Starting at the line that contains "生活面を象徴する運勢です。外", copy every line through the end of the records below exactly as written, leaving out pictures.

☆ ☆ ☆

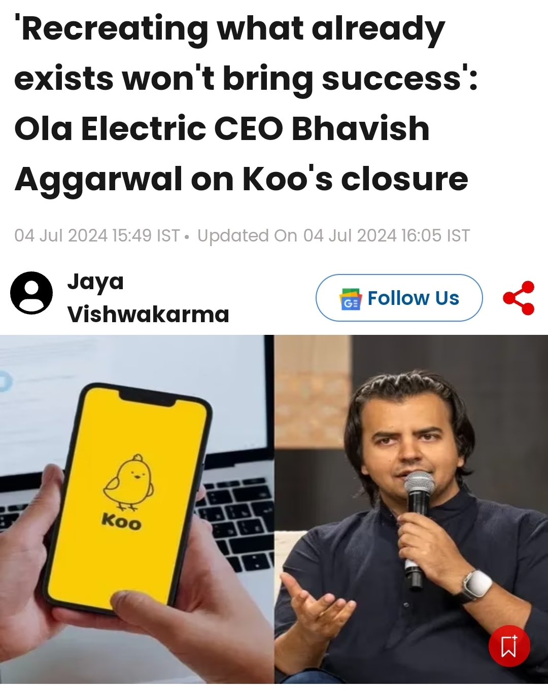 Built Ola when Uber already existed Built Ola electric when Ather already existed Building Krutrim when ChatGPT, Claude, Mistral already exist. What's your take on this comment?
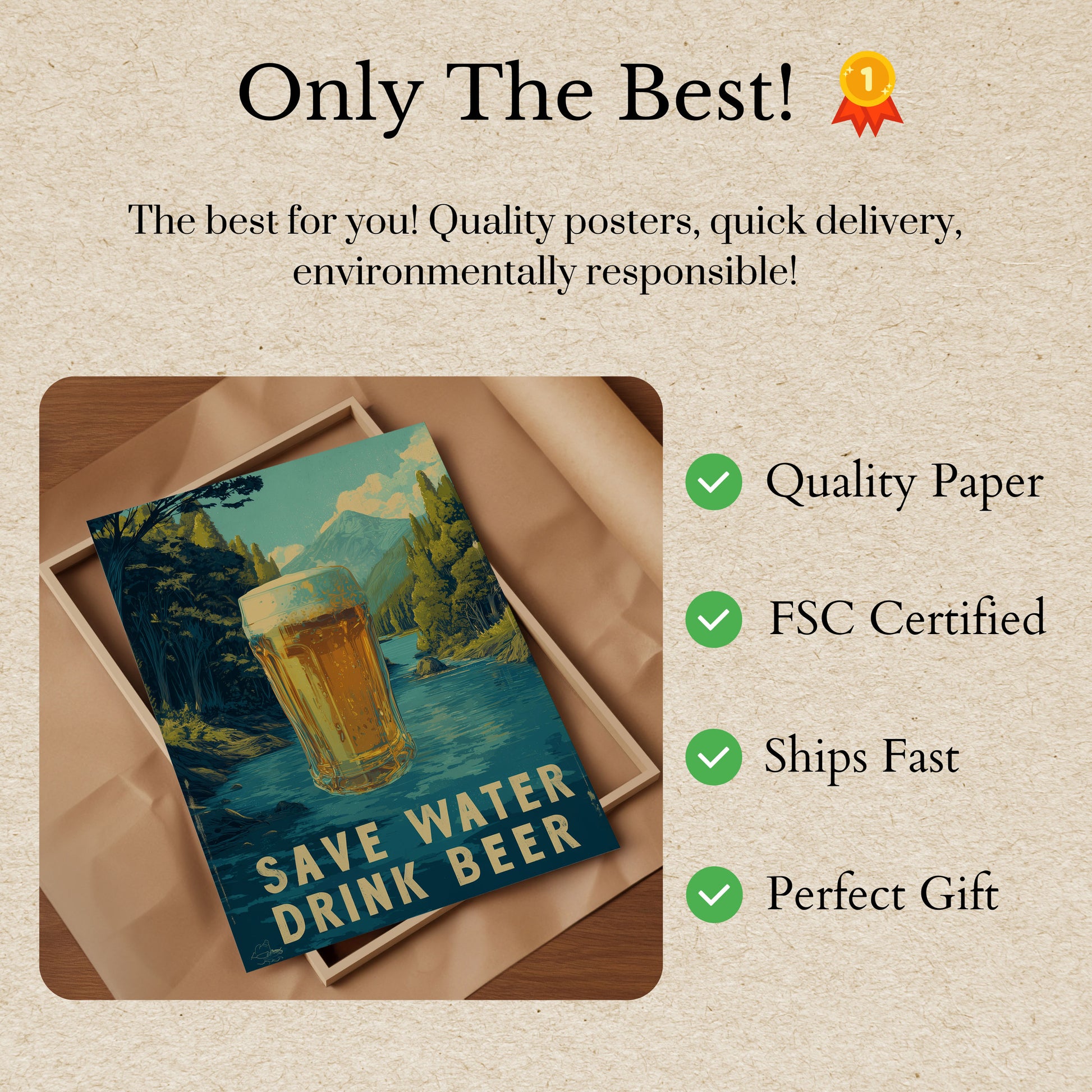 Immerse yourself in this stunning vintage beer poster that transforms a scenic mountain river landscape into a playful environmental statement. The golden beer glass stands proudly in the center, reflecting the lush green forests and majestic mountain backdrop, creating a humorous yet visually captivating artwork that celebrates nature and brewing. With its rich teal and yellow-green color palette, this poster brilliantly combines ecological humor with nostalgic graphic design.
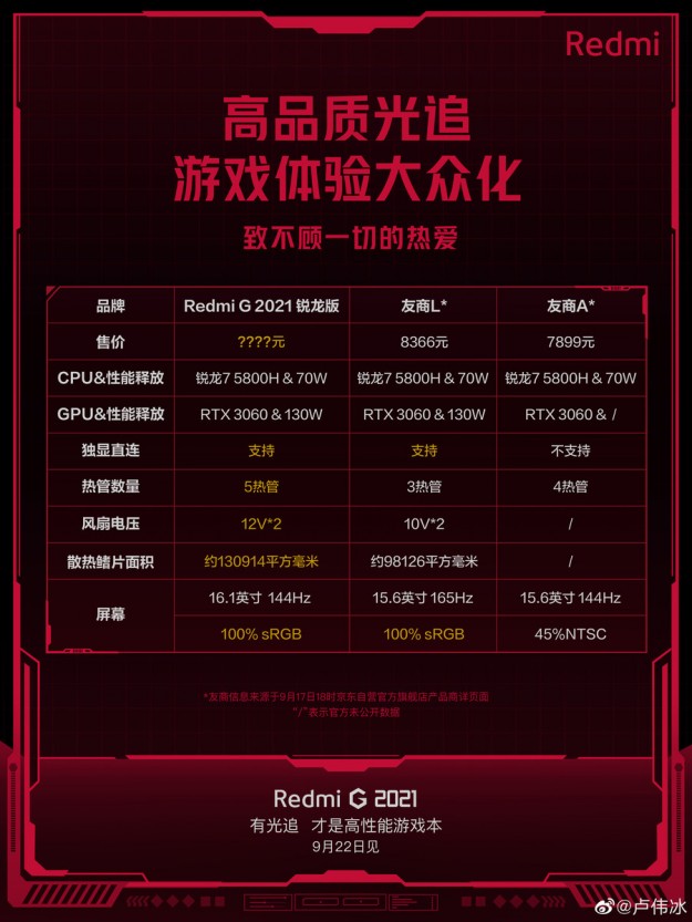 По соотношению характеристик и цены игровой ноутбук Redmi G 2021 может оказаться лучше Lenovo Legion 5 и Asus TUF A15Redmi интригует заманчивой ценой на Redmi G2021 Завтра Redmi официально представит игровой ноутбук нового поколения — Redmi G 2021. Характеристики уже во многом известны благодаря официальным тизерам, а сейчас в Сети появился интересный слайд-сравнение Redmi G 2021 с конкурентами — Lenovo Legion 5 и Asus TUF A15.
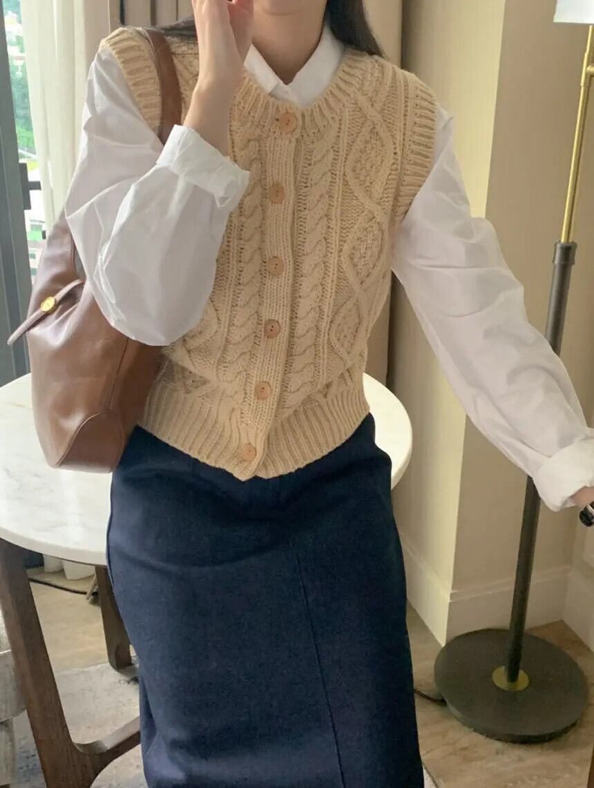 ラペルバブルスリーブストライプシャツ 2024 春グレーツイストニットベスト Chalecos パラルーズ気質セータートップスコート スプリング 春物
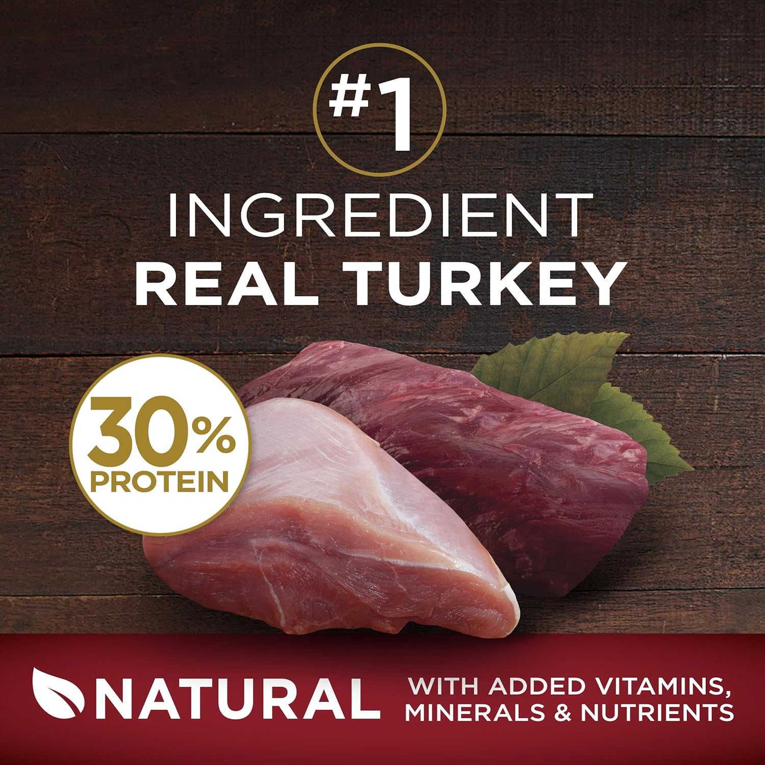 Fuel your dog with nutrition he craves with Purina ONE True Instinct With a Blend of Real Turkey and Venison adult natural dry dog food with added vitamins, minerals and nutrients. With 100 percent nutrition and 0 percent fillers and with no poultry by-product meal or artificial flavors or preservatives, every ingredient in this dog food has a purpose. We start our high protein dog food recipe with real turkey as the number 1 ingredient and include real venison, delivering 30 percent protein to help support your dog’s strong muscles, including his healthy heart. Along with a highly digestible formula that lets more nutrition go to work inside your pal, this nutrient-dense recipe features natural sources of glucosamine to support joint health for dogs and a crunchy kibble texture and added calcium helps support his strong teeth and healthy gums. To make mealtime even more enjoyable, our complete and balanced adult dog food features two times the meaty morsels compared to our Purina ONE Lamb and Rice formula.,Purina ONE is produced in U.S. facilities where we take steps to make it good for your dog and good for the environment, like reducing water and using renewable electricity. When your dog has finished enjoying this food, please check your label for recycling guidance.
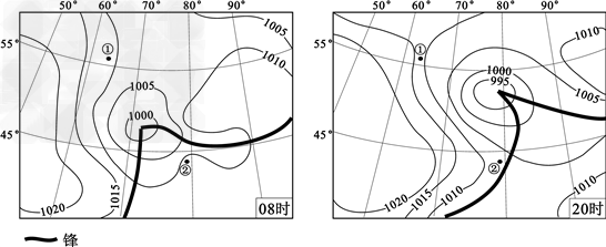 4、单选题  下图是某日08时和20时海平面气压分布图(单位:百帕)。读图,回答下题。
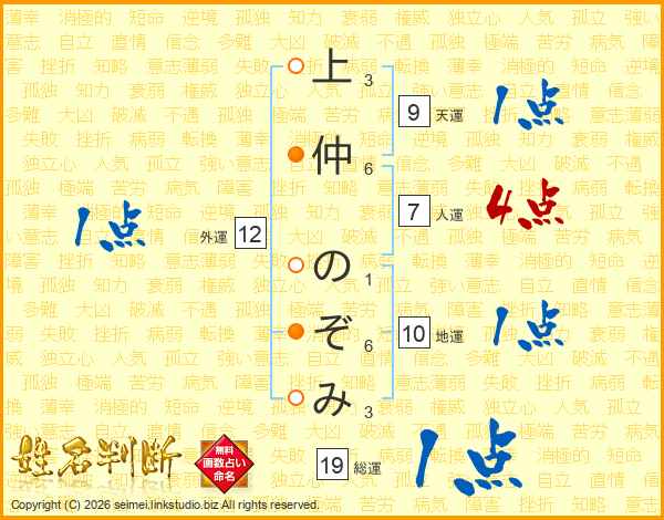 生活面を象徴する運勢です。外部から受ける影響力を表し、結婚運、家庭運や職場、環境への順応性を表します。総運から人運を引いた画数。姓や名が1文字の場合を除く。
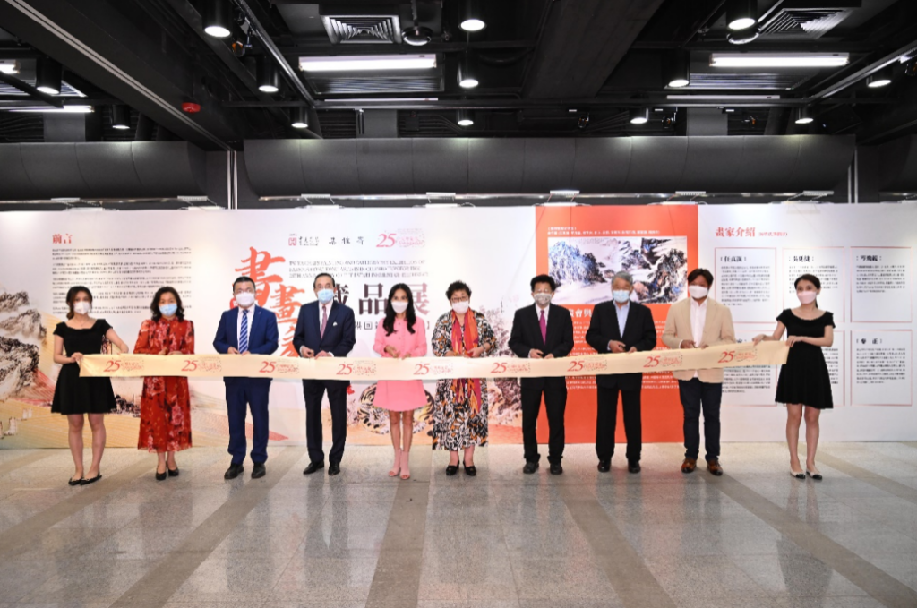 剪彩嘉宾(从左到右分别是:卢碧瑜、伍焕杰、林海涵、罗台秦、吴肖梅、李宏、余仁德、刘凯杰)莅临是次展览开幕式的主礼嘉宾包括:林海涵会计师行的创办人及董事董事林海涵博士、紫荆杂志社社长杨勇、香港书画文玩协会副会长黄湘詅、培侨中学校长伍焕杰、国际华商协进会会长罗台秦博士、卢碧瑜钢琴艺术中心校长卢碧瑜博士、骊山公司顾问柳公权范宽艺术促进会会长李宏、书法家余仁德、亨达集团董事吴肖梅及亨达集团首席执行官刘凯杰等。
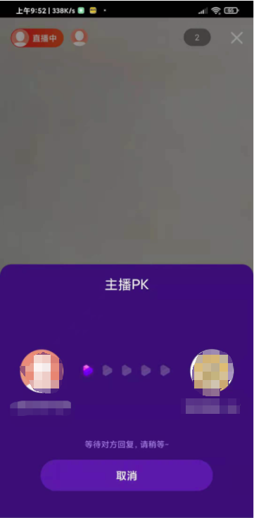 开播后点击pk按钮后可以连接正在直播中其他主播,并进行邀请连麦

☆ ☆ ☆

:: RESPONSE AREA ::
 生活面を象徴する運勢です。外部から受ける影響力を表し、結婚運、家庭運や職場、環境への順応性を表します。総運から人運を引いた画数。姓や名が1文字の場合を除く。
 剪彩嘉宾(从左到右分别是:卢碧瑜、伍焕杰、林海涵、罗台秦、吴肖梅、李宏、余仁德、刘凯杰)莅临是次展览开幕式的主礼嘉宾包括:林海涵会计师行的创办人及董事董事林海涵博士、紫荆杂志社社长杨勇、香港书画文玩协会副会长黄湘詅、培侨中学校长伍焕杰、国际华商协进会会长罗台秦博士、卢碧瑜钢琴艺术中心校长卢碧瑜博士、骊山公司顾问柳公权范宽艺术促进会会长李宏、书法家余仁德、亨达集团董事吴肖梅及亨达集团首席执行官刘凯杰等。
 开播后点击pk按钮后可以连接正在直播中其他主播,并进行邀请连麦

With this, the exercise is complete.